Exhibit 10.5
Cloud Algorithm Service Platform Development Agreement
Contract No.: ____
Party A: ____
Business Registration No.: ____
Party B: Merry International Technical Services (Hong Kong) Limited
Business Registration No.: 69772907
In accordance with the provisions of relevant laws and regulations, and in the spirit of honesty, good faith, and mutual benefit, and following friendly negotiations between both Parties, the Parties have reached a cooperation intention regarding Party A’s engagement of Party B to develop the Cloud Algorithm Service Platform. This Agreement is hereby executed for mutual compliance.
1. Development Content
Party B agrees to and accepts Party A’s engagement to customise and develop the corresponding Cloud Algorithm Service Platform based on Party B’s existing Cloud Algorithm Service Platform Standard Edition, in accordance with Party A’s functional modules and other business requirements, and to provide development, installation, maintenance, and other services for the Cloud Algorithm Service Platform.

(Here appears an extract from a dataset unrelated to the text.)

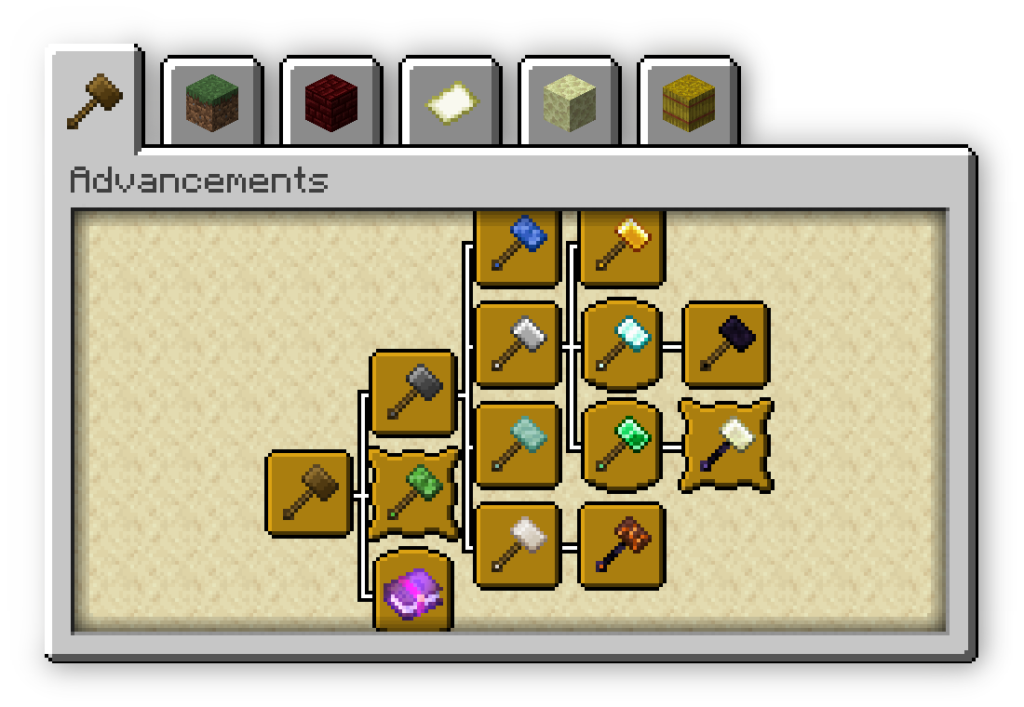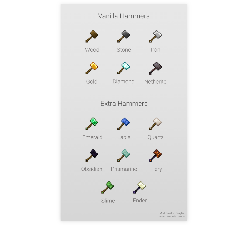 ▲ 除了既有的 Minecraft 原版風格材質以外還有額外的不同種類槌子可供打造

Project Name: Cloud Algorithm Service Platform Development
Cooperation Term: ____
Contract Price: ____ Hong Kong Dollars (in words: ____ ; in figures: HKD ____ ).
During the engagement term of this Agreement, all software development matters relating to the Cloud Algorithm Service Platform that Party A engages Party B to develop shall be governed by this Agreement. The specific development content of the Cloud Algorithm Service Platform is set out in the Annexes confirmed by both Parties and any supplementary documents subsequently agreed upon by both Parties.

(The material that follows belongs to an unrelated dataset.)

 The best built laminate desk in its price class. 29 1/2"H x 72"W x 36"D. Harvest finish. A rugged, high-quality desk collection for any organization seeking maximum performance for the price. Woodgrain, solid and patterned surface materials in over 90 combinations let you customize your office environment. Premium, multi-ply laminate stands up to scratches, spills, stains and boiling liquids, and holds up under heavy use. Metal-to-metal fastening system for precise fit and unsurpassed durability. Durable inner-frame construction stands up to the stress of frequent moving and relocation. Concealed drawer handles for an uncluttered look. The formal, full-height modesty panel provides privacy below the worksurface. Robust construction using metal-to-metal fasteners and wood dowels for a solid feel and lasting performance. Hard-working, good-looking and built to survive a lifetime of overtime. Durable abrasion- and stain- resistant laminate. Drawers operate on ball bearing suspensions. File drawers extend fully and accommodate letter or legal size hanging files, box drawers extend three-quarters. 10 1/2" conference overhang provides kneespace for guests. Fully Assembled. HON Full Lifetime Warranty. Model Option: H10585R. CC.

2. Development Fee Payment Terms
In principle, both Parties shall, based on the business requirements confirmation content and amount determined through mutual negotiation, conduct acceptance in accordance with the development progress, and pay the corresponding instalments according to the development acceptance progress, with specifics subject to the acceptance report.
If other expenses arise during the project cooperation period (such as courier fees, printing fees, travel expenses, etc.), such expenses shall be settled separately based on actual circumstances or normal market rates.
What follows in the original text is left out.